Specifically, we respectfully request that Treasury immediately withdraw and repropose the portions of the Final FTC Regulations relating to:

1) The source-based attribution rules for royalties and services;

2) The requirement that allocations of income between related parties must be determined under arm’s length principles to determine the tax base for foreign taxes imposed on residents of foreign countries;

3) The inclusion of a per se list of “significant costs and expenses” under the cost recovery requirement; and

4) The rules for allocating and apportioning foreign income taxes with respect to certain disregarded transactions.

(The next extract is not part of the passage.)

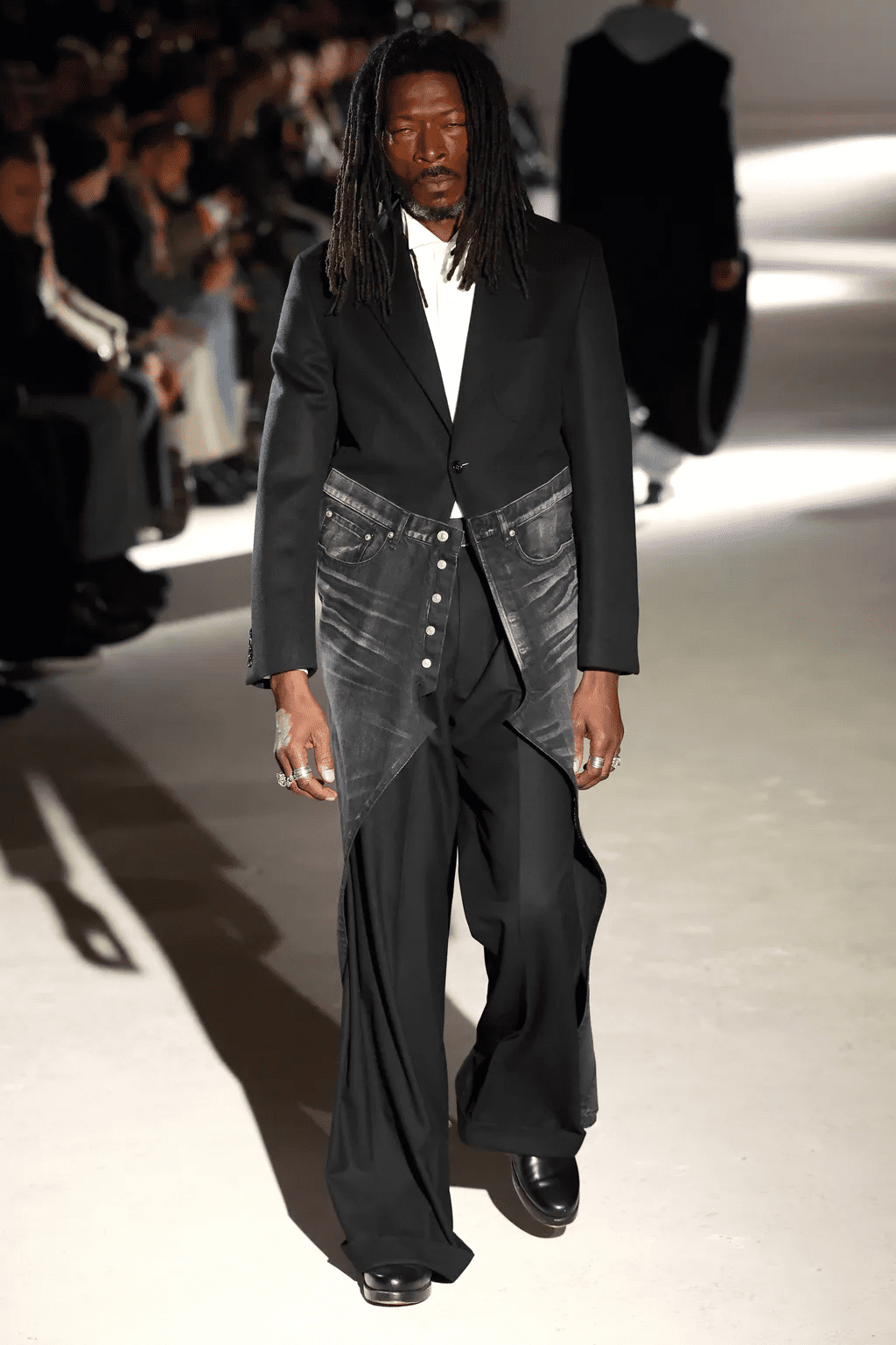 Rick Owens, on the other side, decided this time to pay his respects to his motherland, America, by following a more relaxed but unsafe pathway. The princes of darkness, as many people like to call him, took us inside his Parisian palace, which calls home, for a ride to Porterville, the city in which he was born and raised. With this powerful but not quite original move, the designer epitomized contemporary dressing, drawing a line between high fashion and the masses. Within his most personal and safe space, his home, Rich Owens told loudly a story of alternative beauty, sensuality and intimacy by giving a roof to a collective of people to create and express themselves. Like Straytukay, who did the inflated rubber boots; Leo Prothman who made the Kiss boots and Matisse Di Maggio who focused on the rubber pieces. A new community was born as a genuine gesture of serf-reinvention.

Additionally, we respectfully request that Treasury delay the effective date of the net gain rule to provide taxpayers sufficient time to assess and reflect the impact of such requirements on their business operations and financial statements as well as assess the need to adjust their operations accordingly.

The Final FTC Regulations appear to deny foreign tax credits for run-of-the mill foreign taxes that have been creditable for decades. Particularly with respect to withholding taxes on royalties, the Final FTC Regulations mark a surprising and dramatic change from the November 2020 proposed regulations (the “Proposed Regulations”) without providing taxpayers sufficient notice or an opportunity to comment, as required under the Administrative Procedure Act. These final regulations generally took effect immediately upon being published in the Federal Register on January 4, 2022, three days after the calendar and fiscal year had already begun for many taxpayers. This left many taxpayers scrambling to assess the disparate, and in most cases unclear, royalty and other sourcing rules of many foreign countries. Publicly traded companies are also forced to quantify the cost of possibly denied foreign tax credits for financial statement purposes as soon as March 2022. The rules for allocating and apportioning foreign income taxes with respect to certain disregarded transactions generally had retroactive effect to taxable years that begin after December 31, 2019, and end on or after November 2, 2020, which has exacerbated the adverse impact of the regulations with respect to certain foreign taxes incurred while the regulations remained in proposed form for over a year.

These rules will impose significant competitive disadvantages on U.S. groups, especially compared to groups from other jurisdictions which relieve international double taxation through a credit mechanism, such as China. The double taxation burden will be imposed particularly on U.S. business sectors which are leaders in global technological innovation and content creation, and which license and sell their U.S. developments throughout the world.

We appreciate that Treasury and the IRS intended to provide taxpayers with additional flexibility and certainty under the Final FTC Regulations. However, the perhaps unintended outcome is that the Final FTC Regulations are quite inflexible and cause considerable additional uncertainty regarding the continued creditability of previously creditable foreign taxes, even as compared with the Proposed Regulations. It would be possible to correct the elements of these regulations which are overbroad and still appropriately address the creditability of novel unilateral measures, such as DSTs and significant economic presence nexus rules.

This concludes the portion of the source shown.